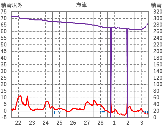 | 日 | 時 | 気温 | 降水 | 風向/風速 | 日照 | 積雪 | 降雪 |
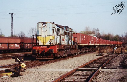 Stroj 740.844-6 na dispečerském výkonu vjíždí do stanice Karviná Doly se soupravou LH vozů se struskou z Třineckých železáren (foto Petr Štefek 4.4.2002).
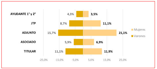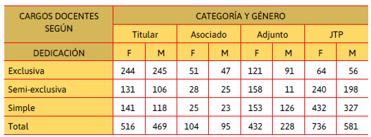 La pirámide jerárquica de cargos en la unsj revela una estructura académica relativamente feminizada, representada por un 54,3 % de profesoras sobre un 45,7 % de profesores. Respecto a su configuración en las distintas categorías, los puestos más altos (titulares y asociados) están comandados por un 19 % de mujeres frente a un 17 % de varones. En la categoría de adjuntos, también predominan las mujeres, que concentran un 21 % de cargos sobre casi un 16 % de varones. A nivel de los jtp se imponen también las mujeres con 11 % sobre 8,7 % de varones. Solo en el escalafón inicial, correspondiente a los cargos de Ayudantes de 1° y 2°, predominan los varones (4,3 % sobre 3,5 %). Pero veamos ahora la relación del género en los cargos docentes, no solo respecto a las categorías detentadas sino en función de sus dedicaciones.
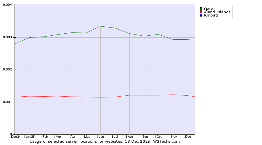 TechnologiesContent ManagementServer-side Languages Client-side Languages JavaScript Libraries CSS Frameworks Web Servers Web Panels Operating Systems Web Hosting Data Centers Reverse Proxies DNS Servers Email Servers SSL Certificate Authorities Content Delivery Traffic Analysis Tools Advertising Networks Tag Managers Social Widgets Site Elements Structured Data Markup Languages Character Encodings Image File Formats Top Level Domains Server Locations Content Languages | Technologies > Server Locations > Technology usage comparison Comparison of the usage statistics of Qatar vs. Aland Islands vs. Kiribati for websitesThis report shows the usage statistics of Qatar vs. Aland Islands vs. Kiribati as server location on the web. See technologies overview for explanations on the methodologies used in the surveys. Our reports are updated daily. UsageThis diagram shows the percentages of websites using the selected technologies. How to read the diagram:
---
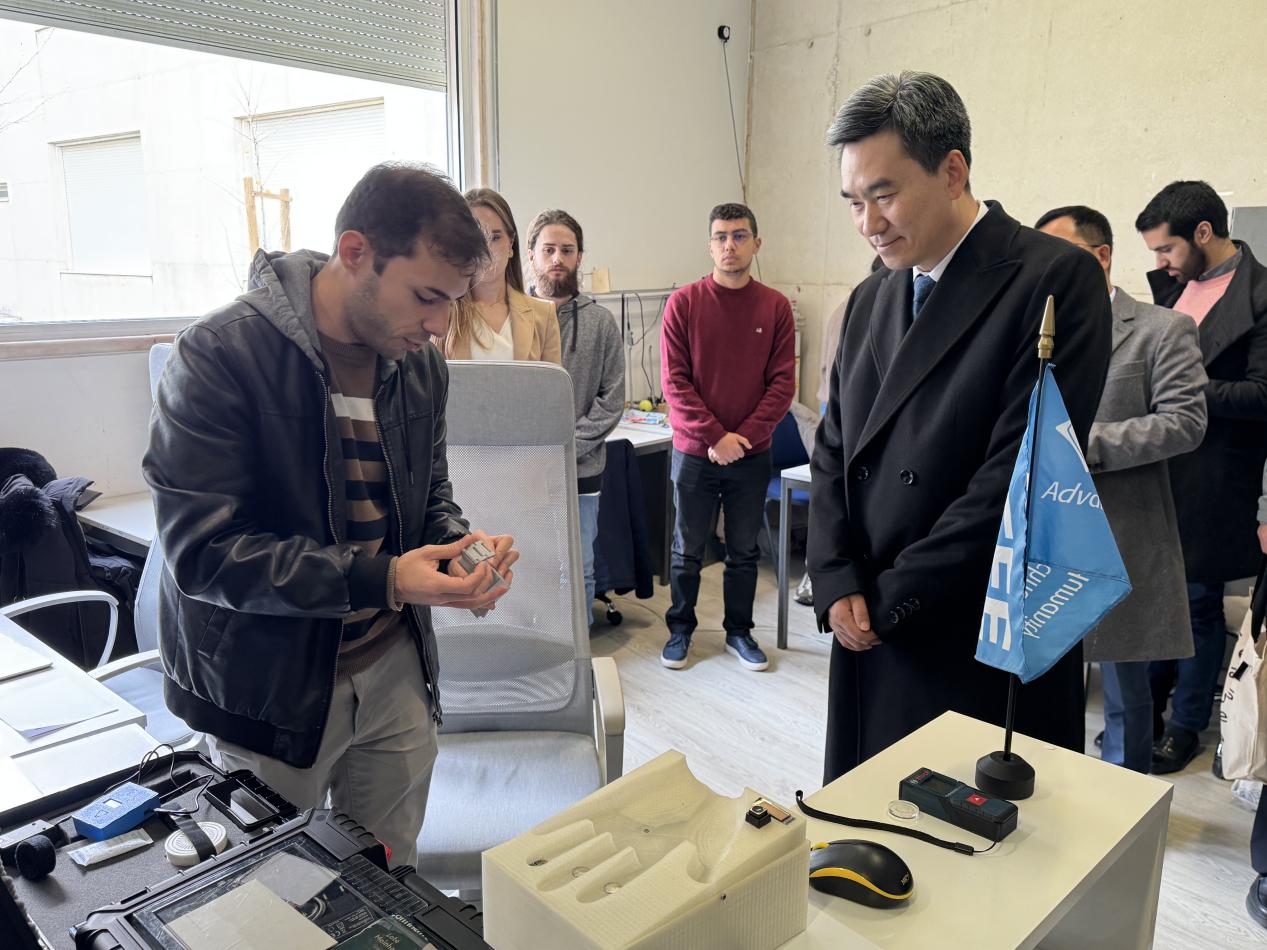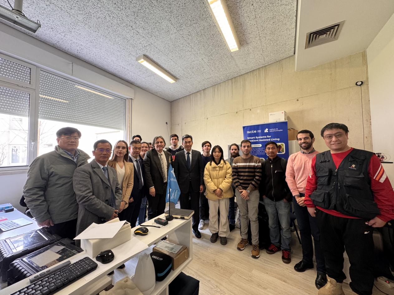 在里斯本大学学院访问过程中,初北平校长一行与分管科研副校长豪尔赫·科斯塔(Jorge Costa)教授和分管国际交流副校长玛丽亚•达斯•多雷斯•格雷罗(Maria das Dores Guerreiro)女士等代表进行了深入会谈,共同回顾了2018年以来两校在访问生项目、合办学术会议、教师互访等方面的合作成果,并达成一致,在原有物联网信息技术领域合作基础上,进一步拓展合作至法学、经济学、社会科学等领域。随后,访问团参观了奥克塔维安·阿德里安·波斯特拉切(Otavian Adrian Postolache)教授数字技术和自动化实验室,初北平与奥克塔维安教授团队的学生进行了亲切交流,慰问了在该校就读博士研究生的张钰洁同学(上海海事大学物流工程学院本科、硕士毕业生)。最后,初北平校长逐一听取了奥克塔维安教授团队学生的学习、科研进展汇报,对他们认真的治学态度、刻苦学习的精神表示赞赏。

• EXERCISE DIRECTIONS: Now transcribe the lines above exactly, starting at the line containing "Stroj 740.844-6 na" and ending at the line containing "TechnologiesContent ManagementServer-side Languages", both lines included, pictures excluded.

• RESPONSE AREA:
 Stroj 740.844-6 na dispečerském výkonu vjíždí do stanice Karviná Doly se soupravou LH vozů se struskou z Třineckých železáren (foto Petr Štefek 4.4.2002).
 La pirámide jerárquica de cargos en la unsj revela una estructura académica relativamente feminizada, representada por un 54,3 % de profesoras sobre un 45,7 % de profesores. Respecto a su configuración en las distintas categorías, los puestos más altos (titulares y asociados) están comandados por un 19 % de mujeres frente a un 17 % de varones. En la categoría de adjuntos, también predominan las mujeres, que concentran un 21 % de cargos sobre casi un 16 % de varones. A nivel de los jtp se imponen también las mujeres con 11 % sobre 8,7 % de varones. Solo en el escalafón inicial, correspondiente a los cargos de Ayudantes de 1° y 2°, predominan los varones (4,3 % sobre 3,5 %). Pero veamos ahora la relación del género en los cargos docentes, no solo respecto a las categorías detentadas sino en función de sus dedicaciones.
 TechnologiesContent ManagementServer-side Languages Client-side Languages JavaScript Libraries CSS Frameworks Web Servers Web Panels Operating Systems Web Hosting Data Centers Reverse Proxies DNS Servers Email Servers SSL Certificate Authorities Content Delivery Traffic Analysis Tools Advertising Networks Tag Managers Social Widgets Site Elements Structured Data Markup Languages Character Encodings Image File Formats Top Level Domains Server Locations Content Languages | Technologies > Server Locations > Technology usage comparison Comparison of the usage statistics of Qatar vs. Aland Islands vs. Kiribati for websitesThis report shows the usage statistics of Qatar vs. Aland Islands vs. Kiribati as server location on the web. See technologies overview for explanations on the methodologies used in the surveys. Our reports are updated daily. UsageThis diagram shows the percentages of websites using the selected technologies. How to read the diagram:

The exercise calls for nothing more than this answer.